As a further means of punishing the act done in violation of the statute, he may, under the Philippine
Code, be made to suffer a subsidiary imprisonment for a term not to exceed one-third of the principal
penalty in lieu of the restoration of the sum found to be embezzled. The sentence of the supreme court
of the Philippines Islands, including the imprisonment in lieu of the payment of the sum found due, was
because of the conviction for the violation of this statute (art. 535, par. 5, Penal Code); in other words
the money payment was part of the punishment, and was not imposed as an imprisonment for non-
payment of the debt, regardless of the criminal offense committed. The sentence and each part of it was
imposed because of the conviction of the defendant of the criminal offense charged.
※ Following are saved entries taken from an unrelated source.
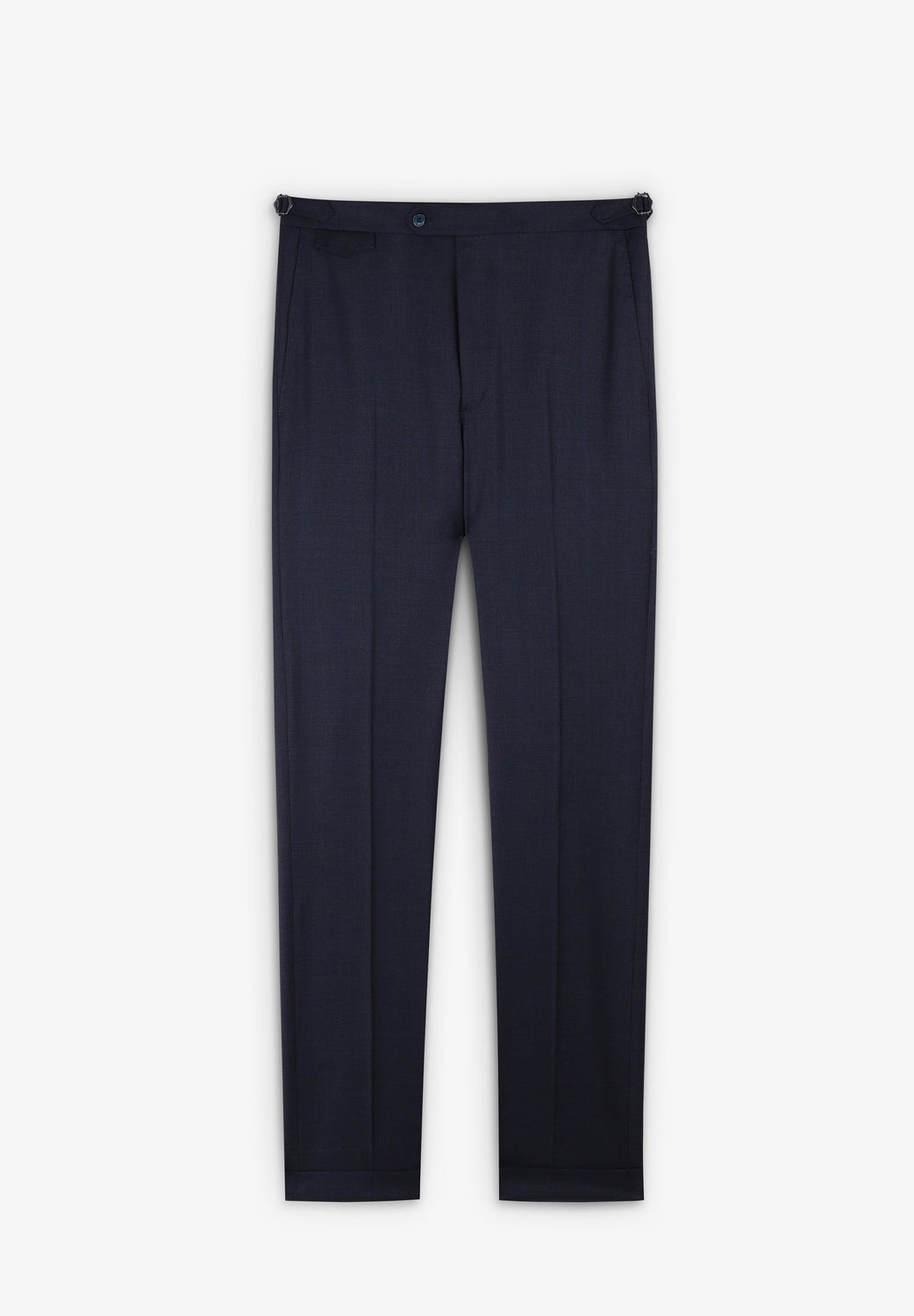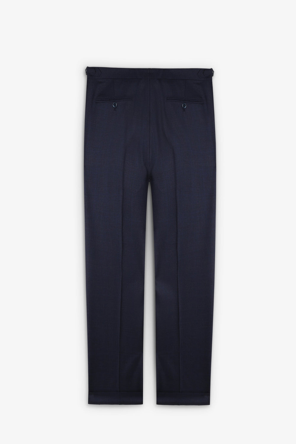 • Straight trousers with an extended button-up fastening at the waist and buttons. Side belt and button for braces. Turn-up hem.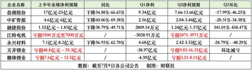 7月10日,另一鋰業(yè)“龍頭”贛鋒鋰業(yè)發(fā)布公告,預(yù)計(jì)上半年凈利虧損7.6億元–12.5億元,上年同期盈利58.5億元。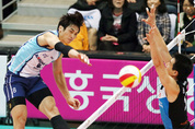 남자 프로배구 인천 대한항공이 천안 현대캐피탈을 꺾고 3년 연속 챔피언결정전에 진출했다. 대한항공은 19일 인천 도원시립체육관에서 열린 NH농협 2012~2013 프로배구 V리그 남자부 플레이오프(3전2선승제) 2차전에서 주포 김학민의 맹타에 힘입어 현대캐피탈을 세트스코어 3-0(25-20 25-22 25-20)으로 물리쳤다. 이로써 플레이오프 2연승을 거둔 대한항공은 2010~2011시즌부터 3년 연속으로 챔피언결정전 무대에서 대전 삼성화재와 맞붙게 됐다. 대한항공은 팀을 강호로 올려놓은 신영철 감독에게서 시즌 도중 지휘봉을 빼앗고 김종민 감독대행 체제를 꾸리는 등 부침을 겪었으나 위기를 이겨내고 다시 정상에 도전할 기회를 잡으며 저력을 증명했다. 이번 시즌을 마지막으로 입대할 예정인 김학민은 우승을 향한 강렬한 의지를 집중력 넘치는 플레이로 고스란히 보여줬다. 1차전 승리의 일등공신인 대한항공 외국인선수 네맥 마틴(슬로바키아)이 34.78%의 공격 성공률로 12득점하는 데 그쳤지만 김학민의 활약은 이를 보충하고도 남았다. 김학민은 76%의 고감도 공격 성공률을 찍으며 21득점을 올려 현대캐피탈 코트를 맹폭했다. 경기 시작 휘슬이 울리자마자 현대캐피탈이 먼

This situation is not changed because the sentence provides for a release from the subsidiary
imprisonment upon payment of the money wrongfully converted. The sentence imposed, nevertheless
includes the requirements to pay money because of the conviction of the offense. The requirement that
there shall be no imprisonment for debt was intended to prevent the resort to that remedy for the
collection of contract debts, and not to prevent the State from imposing a sentence for crime which
should require the restoration of the sum of money wrongfully converted in violation of a criminal
statute. The non-payment of the money is a condition upon which the punishment is imposed. (State vs.
Nicholson, 67 Md., 1; 8 Atl., 817.)

We do not think that the sentence and judgment violated the statute providing that no person shall be
imprisoned for debt.

In the judgment appealed from the defendant was found guilty of the crime of estafa, not because
Juana Juan could not get possession of the land that he had offered as security for the payment of his
debt — as incorrectly stated in the second assignment of error by the defense, for, as already stated,
there was no such debt or any security for it — but because, according to the facts proven at the trial,
the defendant pretended to be the owner and possessor of the land described in the deed Exhibit A,
when in fact such land did not exist, deceived said Juana Juan in order to obtain from her ht P327 and
the 6 cavanes of rice which were delivered to him by her, and to her prejudice, appropriated to himself
said money and rice. These acts defined in paragraph 1 of article 535 of the Penal Code, and punished in
paragraph 2 of article 534 of the same code, constitute the crime of estafa, as the court below so held.
The later, therefore, did not err in not acquitting the defendant and, in imposing upon him instead, the
penalty corresponding to said crime in the medium degree, since it was not found that its commission
was attended by any circumstance modifying criminal liability.

For the foregoing reasons we affirm the judgment appealed from, with the costs of this instance against
the appellant. So ordered.

Arellano, C.J., Johnson Carson, Street and Malcolm, JJ., concur.